→ Prompt: Transcribe nothing except the lines below that run from the one with "Удалите батареи из аккумуляторного отсека." to the one with "Short de pyjama", ends included, and do not copy any picture.

→ Data listing:

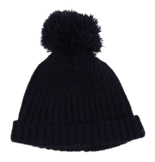 Tmavomodrá pletená žebrovaná čepice s bambulí George
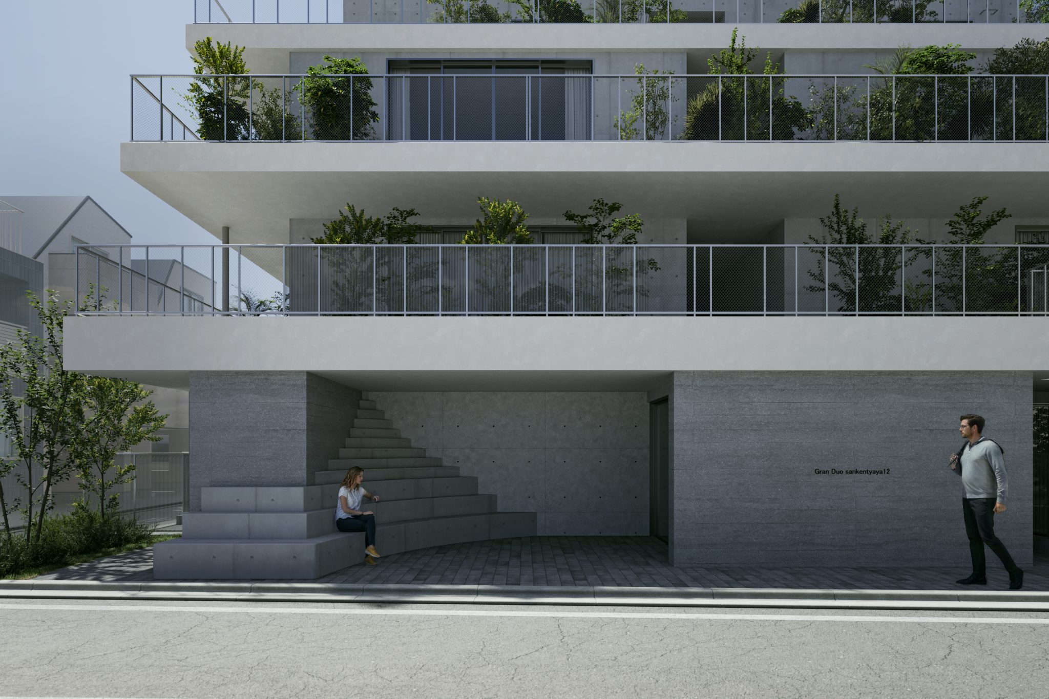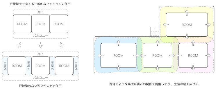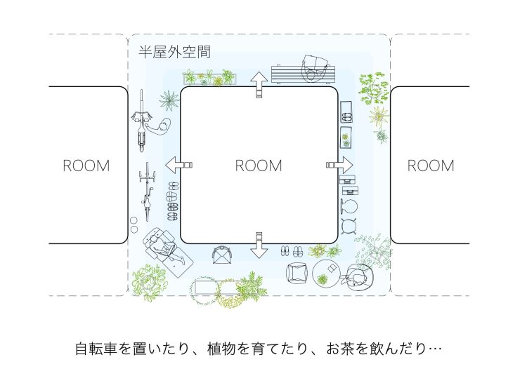 住戸を囲う中間領域=半屋外空間が、暮らしの幅を広げていく住まいの提案です。グラデーショナルに自分たちの領域が広がる空間をつくり、半屋外空間へ生活が拡張していきます。
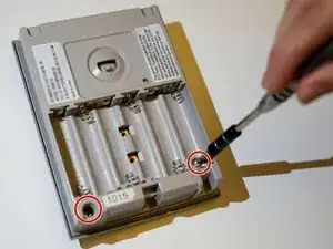 Удалите батареи из аккумуляторного отсека.
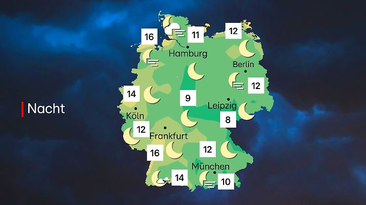 Die Nacht verläuft meist sternenklar und ruhig. Bei 16 bis 8 Grad wird es recht frisch, in manchen Senken der Mittelgebirge kann sich sogar Bodenfrost zeigen. Am frühen Morgen entstehen örtliche Nebelfelder, die sich aber schnell wieder auflösen.
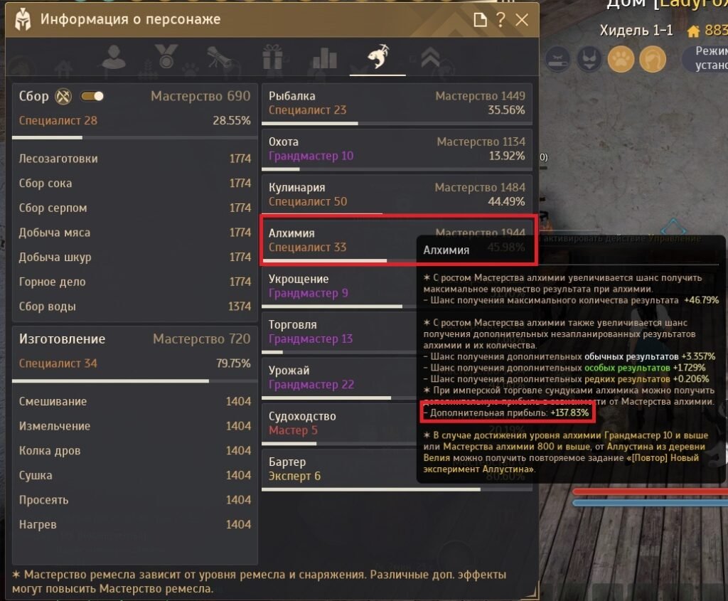 При сдаче сундуков вы можете получить дополнительную прибыль, на которую влияет ваше мастерство алхимии или мастерство кулинарии, соответственно.
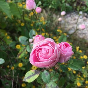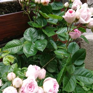 薔薇アンジェラ、ポツポツとまた咲いています🌹 よく見ると、新芽に虫がいっぱい😱 下は、初登場の『花ぐるま』🌹 春にお迎えして蕾も沢山出来たのに、何故か咲かないままに💦 やっと3番花で小さな可愛いお花を咲かせてくれました🎶
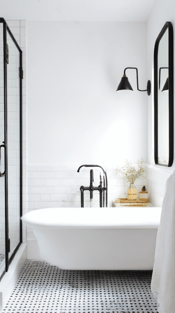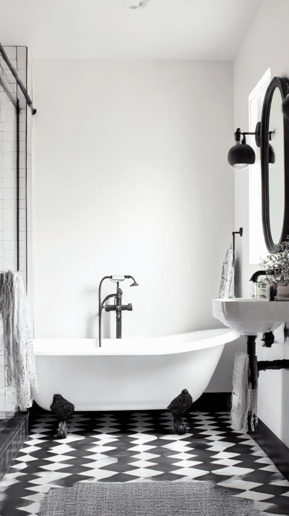 To start your own black and white transformation, begin by identifying a focal piece. Perhaps it’s a sleek black vanity or a bold patterned floor. Work outward from this point.
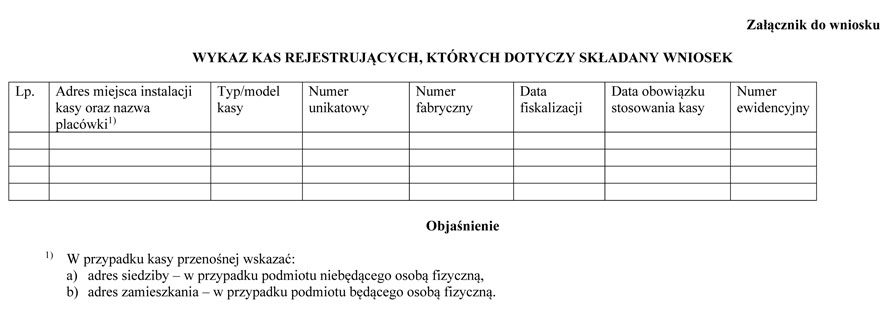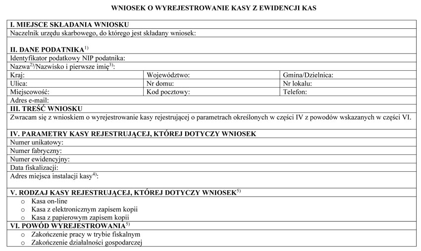 WZÓR - WNIOSEK O WYREJESTROWANIE KASY Z EWIDENCJI KAS
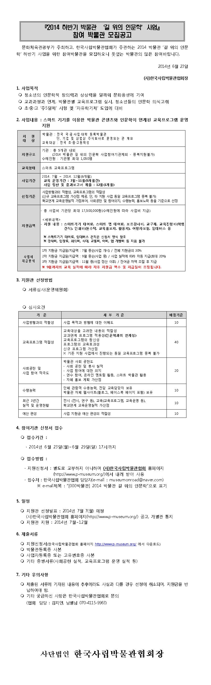 [인문학] 『2014 박물관 ‘길 위의 인문학’사업』참여 박물관 추가 모집공고 페이지 정보 작성자 관리자 작성일14-06-23 14:27 조회41,084회 댓글0건 관련링크 이전글 다음글 목록 본문 댓글목록 등록된 댓글이 없습니다. 이전글 다음글 목록
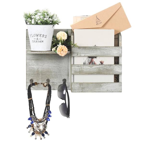 Olive Green Wall Mounted Wooden Mail Sorter Organizer with 3-Key Hooks Rustic Floating Shelf
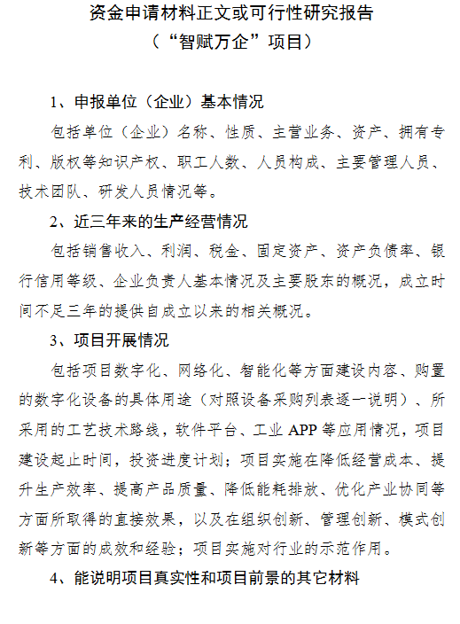 2)“智賦萬企”項目。主要支持企業(yè)數字化轉型、智能制造、工業(yè)互聯(lián)網項目;
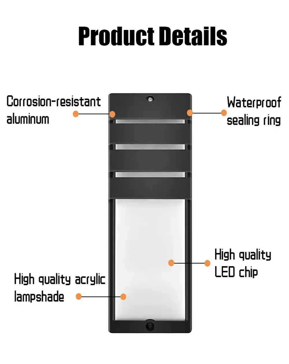 Qualité supérieure et dissipation de la chaleur : Fabriquée en aluminium moulé sous pression de haute qualité, cette applique murale extérieure offre une excellente dissipation de la chaleur, garantissant une fiabilité à long terme et empêchant la dégradation de la lumière au fil du temps.
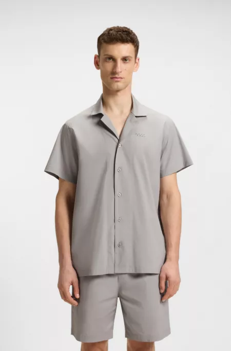 Short de pyjama en coton mélangé avec logo brodé
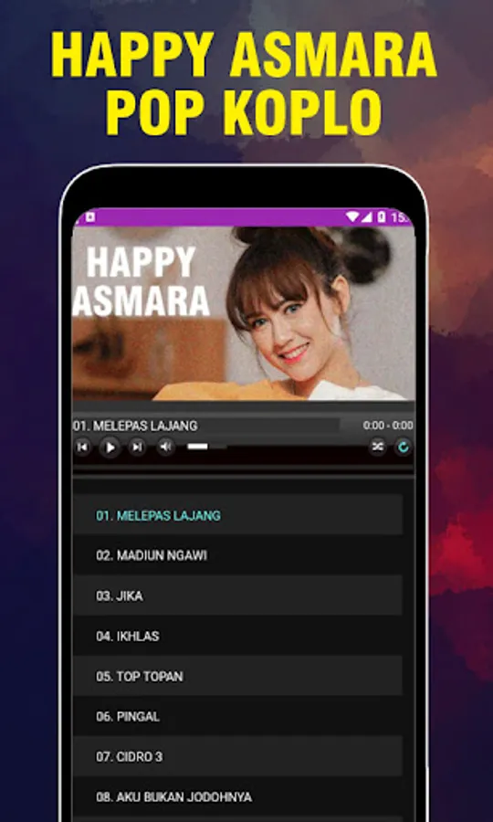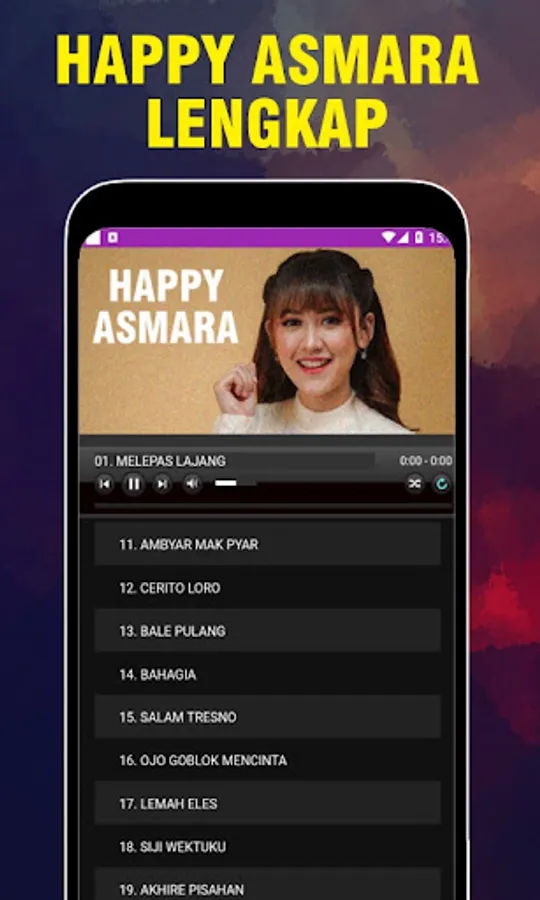 In the Happy Asmara app when you release your single, you will always get the addition of the newest Happy Asmara pop pop song, guaranteed you won't miss the Dangdut Koplo song * The collection of Happy Asmara offline album songs will be more complete and don't miss the Cidro 3 Happy Asmara Top Typhoon song, Pingal Joke, Waton Sincere happy asmara, if you can listen to everything easily at the touch of a finger, then the happy asmara album koplo song is ready to invite you to sing.
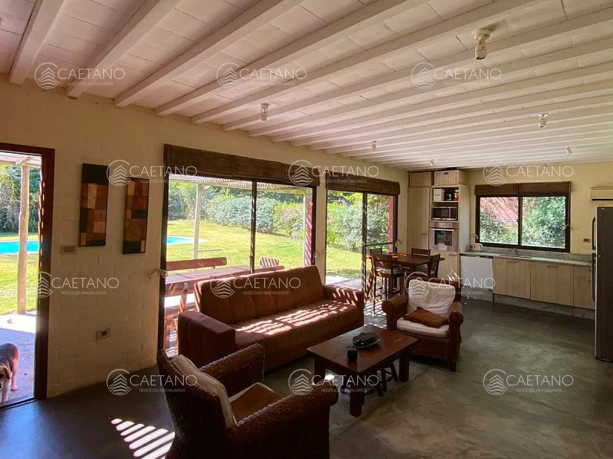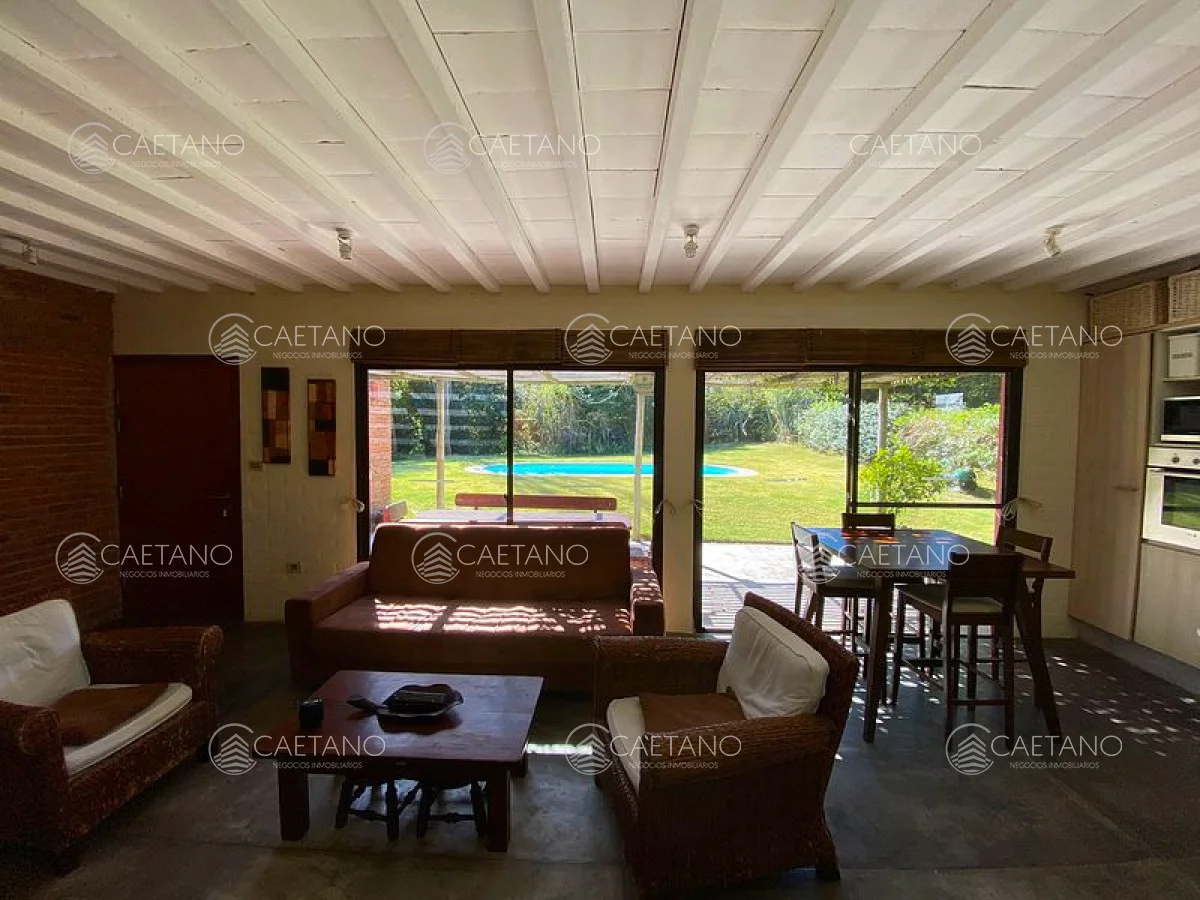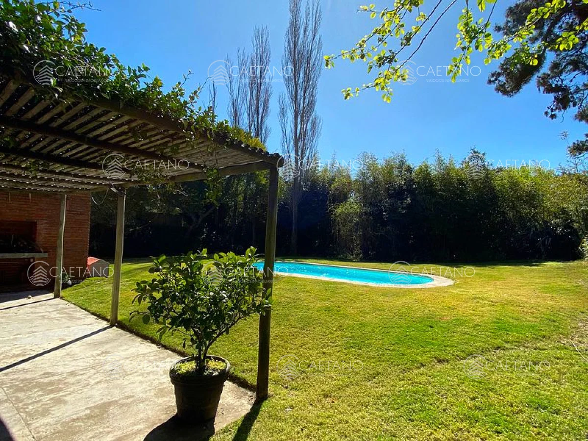 Lindísima casa ubicada cerca de la playa en el barrio de Pinares Luminosa y de construcción moderna. Se desarrolla en una sola planta. Living comedor con cocina integrada, dos dormitorios en suite, jardín con parrillero y piscina. Amplio terreno con posibilidad de ampliación. No dude en consultar. Referencia Interna : Tera-10837

→ Answer section:
 Удалите батареи из аккумуляторного отсека.
 Die Nacht verläuft meist sternenklar und ruhig. Bei 16 bis 8 Grad wird es recht frisch, in manchen Senken der Mittelgebirge kann sich sogar Bodenfrost zeigen. Am frühen Morgen entstehen örtliche Nebelfelder, die sich aber schnell wieder auflösen.
 При сдаче сундуков вы можете получить дополнительную прибыль, на которую влияет ваше мастерство алхимии или мастерство кулинарии, соответственно.
 薔薇アンジェラ、ポツポツとまた咲いています🌹 よく見ると、新芽に虫がいっぱい😱 下は、初登場の『花ぐるま』🌹 春にお迎えして蕾も沢山出来たのに、何故か咲かないままに💦 やっと3番花で小さな可愛いお花を咲かせてくれました🎶
 To start your own black and white transformation, begin by identifying a focal piece. Perhaps it’s a sleek black vanity or a bold patterned floor. Work outward from this point.
 WZÓR - WNIOSEK O WYREJESTROWANIE KASY Z EWIDENCJI KAS
 [인문학] 『2014 박물관 ‘길 위의 인문학’사업』참여 박물관 추가 모집공고 페이지 정보 작성자 관리자 작성일14-06-23 14:27 조회41,084회 댓글0건 관련링크 이전글 다음글 목록 본문 댓글목록 등록된 댓글이 없습니다. 이전글 다음글 목록
 Olive Green Wall Mounted Wooden Mail Sorter Organizer with 3-Key Hooks Rustic Floating Shelf
 2)“智賦萬企”項目。主要支持企業(yè)數字化轉型、智能制造、工業(yè)互聯(lián)網項目;
 Qualité supérieure et dissipation de la chaleur : Fabriquée en aluminium moulé sous pression de haute qualité, cette applique murale extérieure offre une excellente dissipation de la chaleur, garantissant une fiabilité à long terme et empêchant la dégradation de la lumière au fil du temps.
 Short de pyjama en coton mélangé avec logo brodé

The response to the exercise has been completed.